SBI’s move follows an off-cycle rate hike by the Reserve Bank of India which increased the repo rate from 0.40% to 4.40%.
SBI’s move follows an off-cycle rate hike by the Reserve Bank of India which increased the repo rate from 0.40% to 4.40%.
The country’s largest lender State Bank of India has increased its marginal cost based lending rate by 10 basis points or 0.1% across all tenures, a move that will lead to an increase in EMIs for borrowers.
This is the second hike in a month, with two consecutive hikes increasing costs by 0.2%.
The revision follows an off-cycle rate hike by the Reserve Bank earlier this month.

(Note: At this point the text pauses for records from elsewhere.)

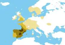 | Highest frequencies | Gallo-Iberians (Basques, Catalans, Galicians, Asturians, Gascons, Béarnese and others) |
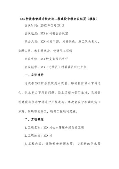 【七哥公文】2024年:XXX村饮水管道升级改造工程建设申报会议记录+更多免费公文+VX:QiGeGongWen2024
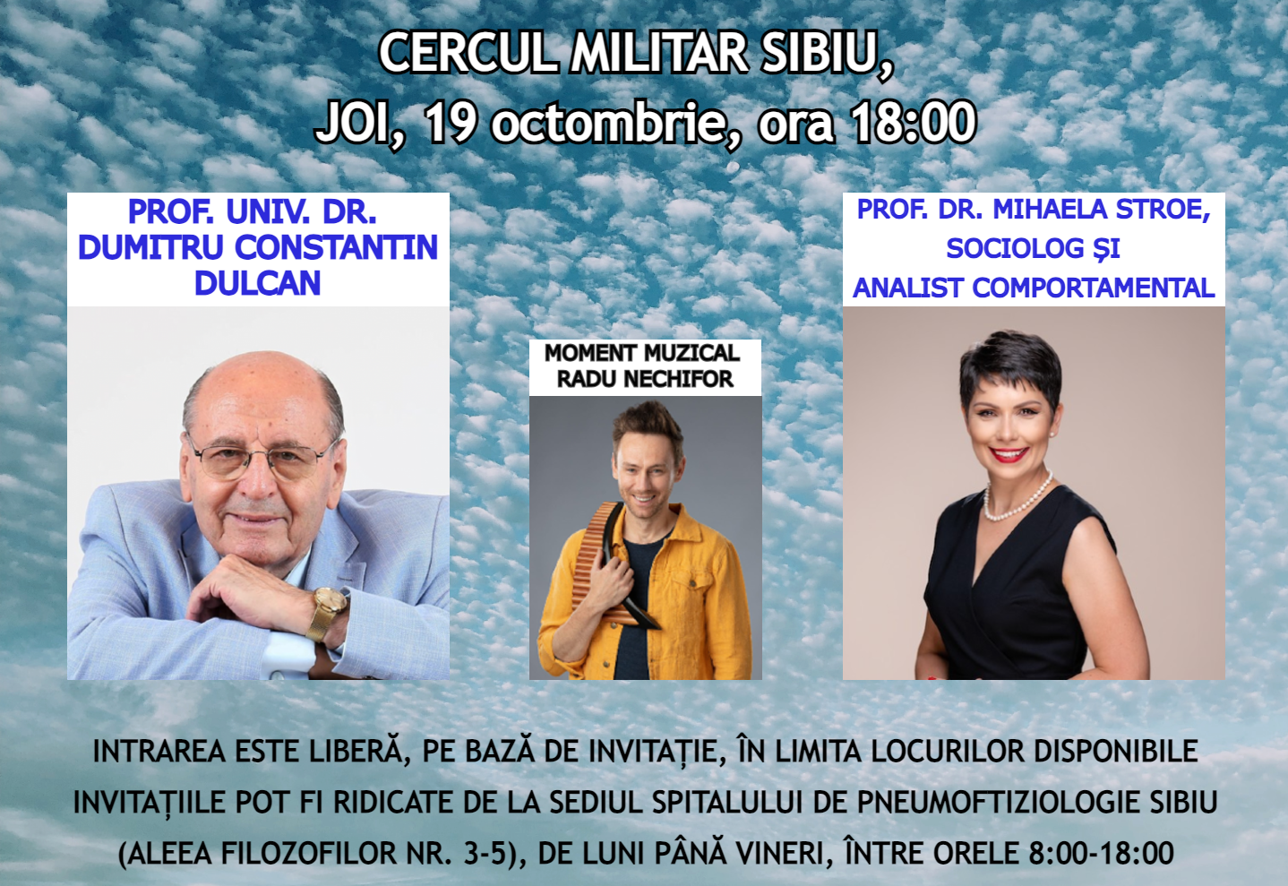 Cetățenii care doresc să participe la conferința „Suntem ceea ce gândim”, susținută la Sibiu de renumitul profesor Constantin Dulcan și de sociologul Mihaela Stroe, au la dispoziție Invitații pentru acest eveniment. Conferința va avea loc joi, 19 octombrie, începând cu ora 18.00, la Cercul Militar Sibiu, fiind organizată în cadrul Zilelor Medicale ale Spitalului de Pneumoftiziologie Sibiu.

The central bank increased the repo rate – at which it lends short-term money to banks – from 0.40% to 4.40%.
Revision in lending rate by SBI (State Bank of India) is likely to be followed by other banks in the coming days.
With the increase, EMIs will increase for borrowers who have taken loans at MCLR (Marginal Cost of Funds Based Lending Rate) and not for those whose loans are linked to other benchmarks.
SBI’s external benchmark based lending rate (EBLR) is 6.65%, while the repo-linked lending rate (RLLR) is 6.25% with effect from April 1.
Banks add credit risk premium (CRP) on EBLR and RLLR while granting any type of loan including housing and auto loans.
According to the information posted on SBI’s website, the revised MCLR rate is effective from May 15.
With the revision, the one-year MCLR has increased to 7.20% from 7.10% earlier.
The one-night, one-month and three-month MCLR rose 10 basis points to 6.85%, while the six-month MCLR rose to 7.15%.
Most of the loans are linked to the one-year MCLR rate.
At the same time, the two-year MCLR increased by 0.1% to 7.40%, while the three-year MCLR increased to 7.50%.
After the revision of rates by RBI, many banks have already increased the interest rates and some more are expected to be implemented in the coming days.